Records supplied: Begin

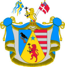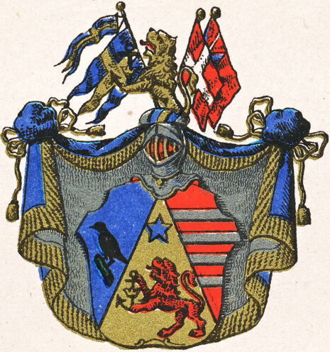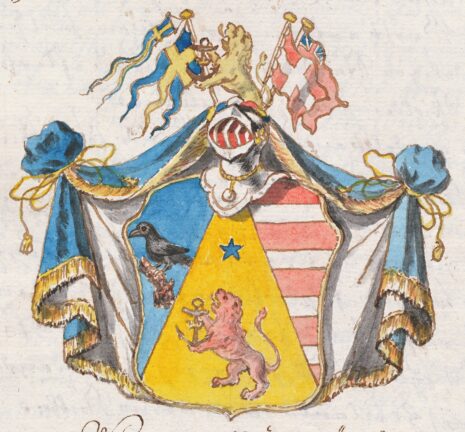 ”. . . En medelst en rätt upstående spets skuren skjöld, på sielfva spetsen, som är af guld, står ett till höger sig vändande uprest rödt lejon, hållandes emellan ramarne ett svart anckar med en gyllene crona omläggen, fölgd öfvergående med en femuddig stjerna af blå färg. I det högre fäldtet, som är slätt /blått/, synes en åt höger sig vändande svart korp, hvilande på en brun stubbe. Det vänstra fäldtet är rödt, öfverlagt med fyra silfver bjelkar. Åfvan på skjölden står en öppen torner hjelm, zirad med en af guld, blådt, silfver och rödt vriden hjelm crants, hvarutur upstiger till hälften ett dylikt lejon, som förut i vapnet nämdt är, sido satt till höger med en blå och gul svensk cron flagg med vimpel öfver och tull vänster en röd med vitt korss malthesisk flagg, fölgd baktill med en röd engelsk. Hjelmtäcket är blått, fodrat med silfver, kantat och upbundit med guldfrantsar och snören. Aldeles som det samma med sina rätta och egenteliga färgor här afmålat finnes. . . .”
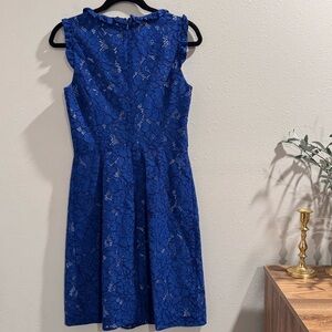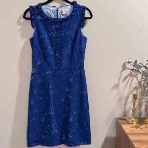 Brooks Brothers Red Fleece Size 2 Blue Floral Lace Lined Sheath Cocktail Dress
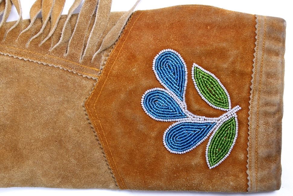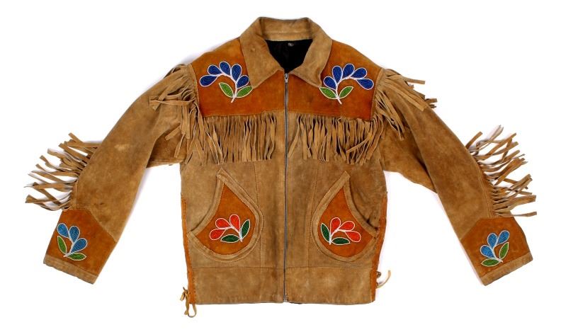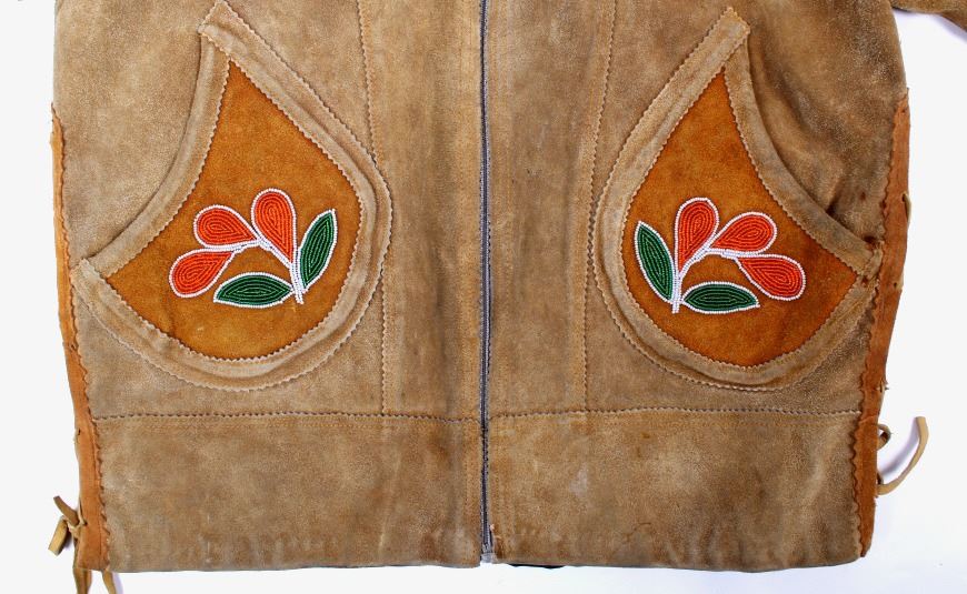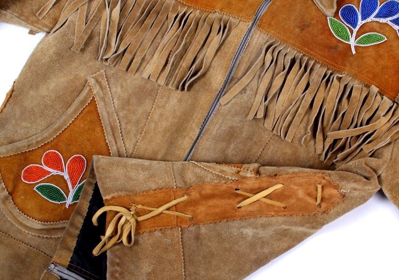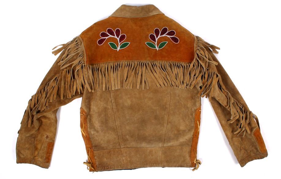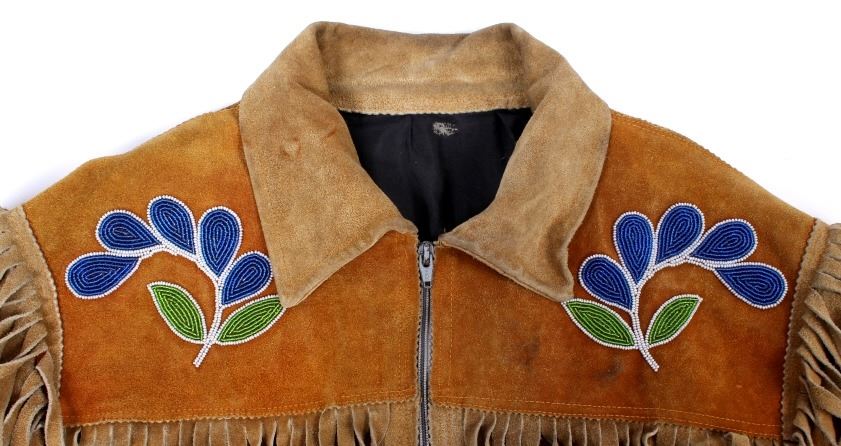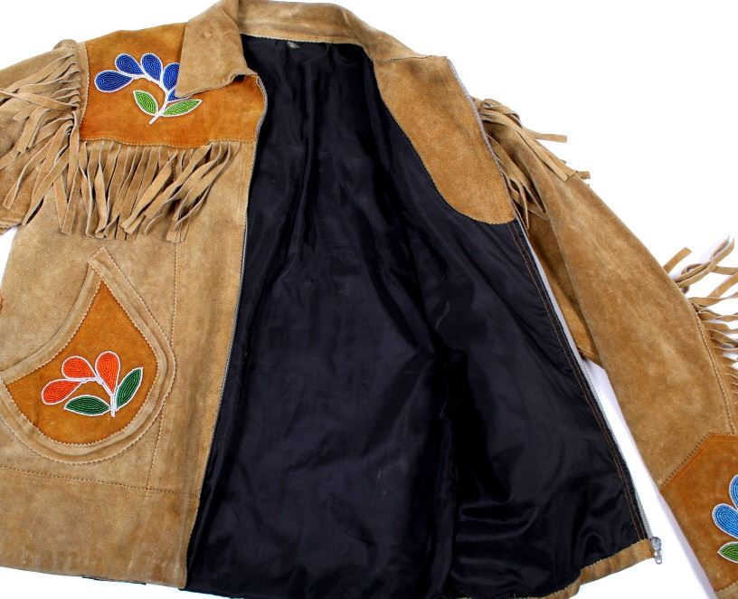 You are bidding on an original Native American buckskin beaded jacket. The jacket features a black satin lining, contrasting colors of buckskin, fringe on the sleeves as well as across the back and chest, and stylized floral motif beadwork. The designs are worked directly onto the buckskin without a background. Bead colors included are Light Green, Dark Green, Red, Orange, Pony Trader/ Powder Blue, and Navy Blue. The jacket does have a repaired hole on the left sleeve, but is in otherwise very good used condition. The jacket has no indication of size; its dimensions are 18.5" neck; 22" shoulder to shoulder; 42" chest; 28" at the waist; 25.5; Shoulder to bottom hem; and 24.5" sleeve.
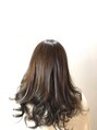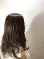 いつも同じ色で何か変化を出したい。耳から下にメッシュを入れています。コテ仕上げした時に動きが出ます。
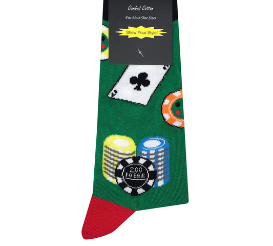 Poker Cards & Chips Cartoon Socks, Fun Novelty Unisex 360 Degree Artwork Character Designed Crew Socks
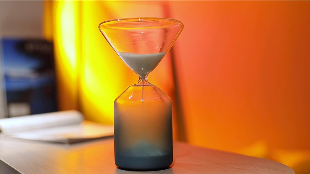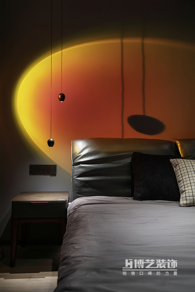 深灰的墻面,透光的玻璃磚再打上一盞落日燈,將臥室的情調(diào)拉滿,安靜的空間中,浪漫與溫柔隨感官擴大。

Records supplied: End

§ **What you need to do**:
The reply should hold every line of the records unchanged and no pictures.

§ **Solution to this exercise**:
 ”. . . En medelst en rätt upstående spets skuren skjöld, på sielfva spetsen, som är af guld, står ett till höger sig vändande uprest rödt lejon, hållandes emellan ramarne ett svart anckar med en gyllene crona omläggen, fölgd öfvergående med en femuddig stjerna af blå färg. I det högre fäldtet, som är slätt /blått/, synes en åt höger sig vändande svart korp, hvilande på en brun stubbe. Det vänstra fäldtet är rödt, öfverlagt med fyra silfver bjelkar. Åfvan på skjölden står en öppen torner hjelm, zirad med en af guld, blådt, silfver och rödt vriden hjelm crants, hvarutur upstiger till hälften ett dylikt lejon, som förut i vapnet nämdt är, sido satt till höger med en blå och gul svensk cron flagg med vimpel öfver och tull vänster en röd med vitt korss malthesisk flagg, fölgd baktill med en röd engelsk. Hjelmtäcket är blått, fodrat med silfver, kantat och upbundit med guldfrantsar och snören. Aldeles som det samma med sina rätta och egenteliga färgor här afmålat finnes. . . .”
 Brooks Brothers Red Fleece Size 2 Blue Floral Lace Lined Sheath Cocktail Dress
 You are bidding on an original Native American buckskin beaded jacket. The jacket features a black satin lining, contrasting colors of buckskin, fringe on the sleeves as well as across the back and chest, and stylized floral motif beadwork. The designs are worked directly onto the buckskin without a background. Bead colors included are Light Green, Dark Green, Red, Orange, Pony Trader/ Powder Blue, and Navy Blue. The jacket does have a repaired hole on the left sleeve, but is in otherwise very good used condition. The jacket has no indication of size; its dimensions are 18.5" neck; 22" shoulder to shoulder; 42" chest; 28" at the waist; 25.5; Shoulder to bottom hem; and 24.5" sleeve.
 いつも同じ色で何か変化を出したい。耳から下にメッシュを入れています。コテ仕上げした時に動きが出ます。
 Poker Cards & Chips Cartoon Socks, Fun Novelty Unisex 360 Degree Artwork Character Designed Crew Socks
 深灰的墻面,透光的玻璃磚再打上一盞落日燈,將臥室的情調(diào)拉滿,安靜的空間中,浪漫與溫柔隨感官擴大。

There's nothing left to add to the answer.